Repository files navigation

About project

This project is made to fit multivaiate distribution using copula approach. To consider complex dependencies between the random vaiables we extend the classical model with constant parameters to stochastic model, where parameter considered as Ornstein-Uhlenbeck process. The idea based on discrete model suggested in Liesenfeld and Richard, Univariate and multivariate stochastic volatility models (2003).

For that model we introduce a likelihood function as an expectation over all random process states and use Monte Carlo estimates for that expectation while solving parameter estimation problem. The approach discussed in detail in our article (link will be availble when it will published). For brief description and code examples see below. Frank, Gumbel, Clayton and Joe copulas were implemented in the code. Goodness-of-fit (GoF) metrics based on Rosenblatt transform is also available.

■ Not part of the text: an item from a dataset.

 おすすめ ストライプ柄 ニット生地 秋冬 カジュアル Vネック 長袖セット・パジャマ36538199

The stochastic models is used here to calculate metrics VaR and CVaR and build a CVaR-optimized portfolio. The calculation based on paper Rockafellar, Uryasev Optimization of conditional value-at-risk (2000).

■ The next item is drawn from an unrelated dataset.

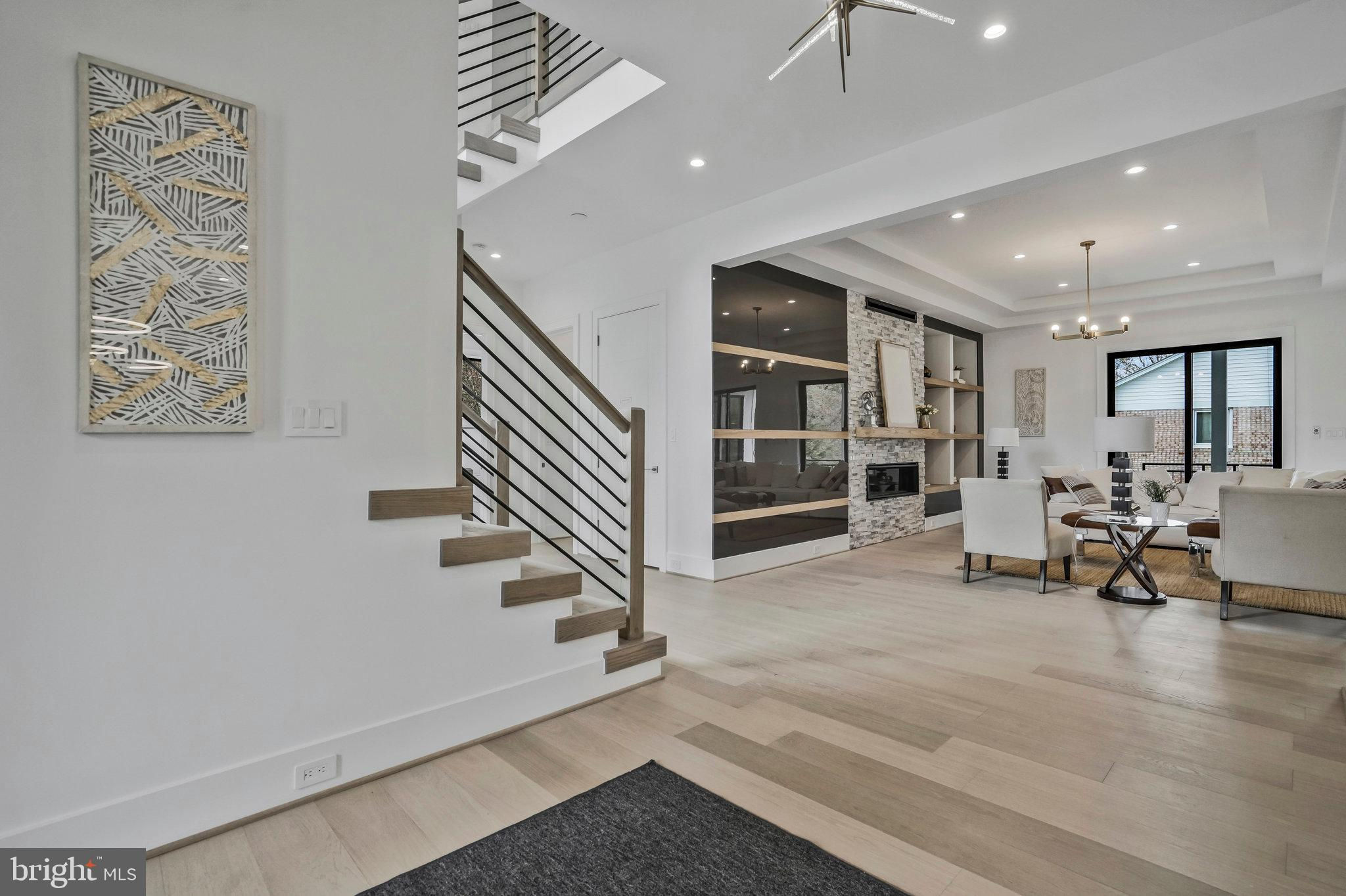 6000 AGENT BONUS WITH A RATIFED OFFER BY AUGUST 15TH.ELEVATOR SHAFT. 4-CAR GARAGE,GARAGE .This distinctive modern home is enveloped in contrast and luxury. With three levels and 6,813 SqFt of living it offers a spacious living environment that combines comfort with a sleek, contemporary design.The entrance sets the tone with its custom-made solid wood door, flanked by side light panels and elegant sconces that beckon to the stylish interior. The foyer open to the second floor guides you inside,the open-plan kitchen and family rooms serve as the home's hub.The kitchen features professional Thermador appliances, including a six-burner gas stove top and double wall oven, white marble counter tops, and two- tiered,white designer cabinetry with under cabinet lighting,accented with black and brushed brass drawer pulls and cabinet knobs. The kitchen island is constructed of marble on three sides,contrasting dark grey cabinetry,prep sink and microwave and dishwasher, pendant lighting, with the same brushed brass accents. The ceilings are tiered, with LED recessed lighting. The family room has an elegant floor to ceiling stone gas fireplace, with a wood mantle,and side shelving.Connectivity to the outdoors is seamless, with French doors leading to a covered porch, perfect for relaxation or entertaining.The asymmetrical fireplace is the clear focal point of this space.There is an additional entrance to the main part of the home through the professionally appointed prep kitchen. The prep kitchen, features a four-burner Bosch gas stove top and a Liebherr refrigerator. The prep kitchen is conveniently located next to the walk-in pantry.The 4-car garage is accessible through the mud room which has a tiled floor and built-in bench and coat rack.An ensuite bedroom on this level offers privacy and luxury,with a floor-to-ceiling tiled shower and custom closets. The second floor landing boasts built-in shelves and an entertainment center,with the shelves' natural finish contrasting against dark painted accents, complemented by under-cabinet lighting. The centerpiece of the second floor is the luxuriously appointed owner's suite. This oversized bedroom features a separate seating area and Anderson Lifestyle black double French doors that open to a large private balcony, ideal for relaxing or intimate dining al fresco. A gas fireplace with a wooden mantel, a tiered ceiling with recessed lighting, crystal tiered chandelier, and a ceiling fan adds both comfort and elegance. The walk-in closets are oversized, complete with built-in shelves and drawers. The luxury extends to the spa bath, which includes a marble floor, dual vanities with smart-controlled heating and an aroma diffuser, a standalone bathtub, and an oversized shower equipped with multiple shower heads, a seamless glass enclosure, a built-in bench, and a steam bath feature for ultimate relaxation. The laundry room is practical yet sophisticated, with tiled flooring, ample cabinetry, and a built-in drying rack. Completing the second floor, all other bedrooms are ensuite, featuring custom walk-in closets and bathrooms with tile floors and marble countertops. The lower level offers a seamless blend of functionality and luxury,ideal for both relaxation and social gatherings. The recreation room serves as the heart of this space, featuring a sophisticated wet bar and a cozy stone fireplace, complemented by plush carpeting and elegant paneling.The media room, with its tiered seating and advanced sound system, promises an immersive cinematic experience. Meanwhile, the additional bedroom and exercise room cater to both comfort and wellness,rounding out a well-appointed lower level designed for modern living. A BONUS ROOM UNDER THE DECK.The architecture of modern homes often reflects a harmony between bold contrasts and luxurious simplicity, and this particular home is a prime example.Ideally located in the Potomac Hills subdivision of McLean and accessible to all major freeways,

This project is made during the MSc program "Financial mathematics and financial technologies" in Sirius University, Sochi, Russia. 2023-2024.

Install

Installation could be made using pip:

git clone https://github.com/AANovokhatskiy/pyscarcopula
cd pyscarcopula
pip install .

Mathematical basis

Joint distribution

According to Sklar's theorem joint distribution could be constructed using special function of marginal distributions is named copula.

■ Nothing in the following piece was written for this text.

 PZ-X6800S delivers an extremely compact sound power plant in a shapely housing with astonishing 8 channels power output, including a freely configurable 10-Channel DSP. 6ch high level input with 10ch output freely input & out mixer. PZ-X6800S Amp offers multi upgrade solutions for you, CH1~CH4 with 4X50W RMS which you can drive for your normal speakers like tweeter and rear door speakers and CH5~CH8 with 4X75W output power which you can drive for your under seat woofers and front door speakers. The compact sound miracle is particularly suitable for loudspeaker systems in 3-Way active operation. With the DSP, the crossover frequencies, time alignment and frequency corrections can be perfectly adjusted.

$$F\left(x_1, x_2, \ldots, x_d\right) = C\left( F_1 \left(x_1\right), F_2 \left(x_2\right), \ldots, F_d \left(x_d\right)\right)$$

Here we consider only a class of single-parameter copulas known as Archimedian. Denote $u_i = F_i(x_i)$, so this copulas could be constracted using generator function $\phi(u_i; \theta)$:

$$C(u_1, ..., u_d) = \phi^{[-1]} \left( \phi(u_1; \theta) + ... + \phi(u_d; \theta) \right)$$

Here we use the following copulas

Copula $\phi(t; \theta)$ $\phi^{-1}(t; \theta)$ $\theta \in$
Gumbel $(-\log t)^\theta$ $\exp{\left(-t^{1/\theta}\right)}$ $[1, \infty)$
Frank $-\log{\left(\frac{\exp{(-\theta t)} - 1}{\exp{(-\theta)} - 1}\right)}$ $-\frac{1}{\theta} \log{\left(1 + \exp{(-t)} \cdot (\exp{(-\theta)} - 1)\right)}$ $[0, \infty)$
Joe $-\log{\left( 1 - (1-t)^\theta \right)}$ $1 - (1 - \exp{(-t)})^{(1 / \theta)}$ $[1, \infty)$
Clayton $\frac{1}{\theta}\left(t^{-\theta} - 1 \right)$ $\left( 1 + t \theta\right)^{-1/\theta}$ $[0, \infty)$

Classical approach implies that $\theta$ is constant parameter. We can estimate it using Maximum likelihood method. Now consider that $\theta = \Psi (x_t)$ where $x_t$ is Ornstein-Uhlenbeck process (this process cannot be observed and considered as latent process)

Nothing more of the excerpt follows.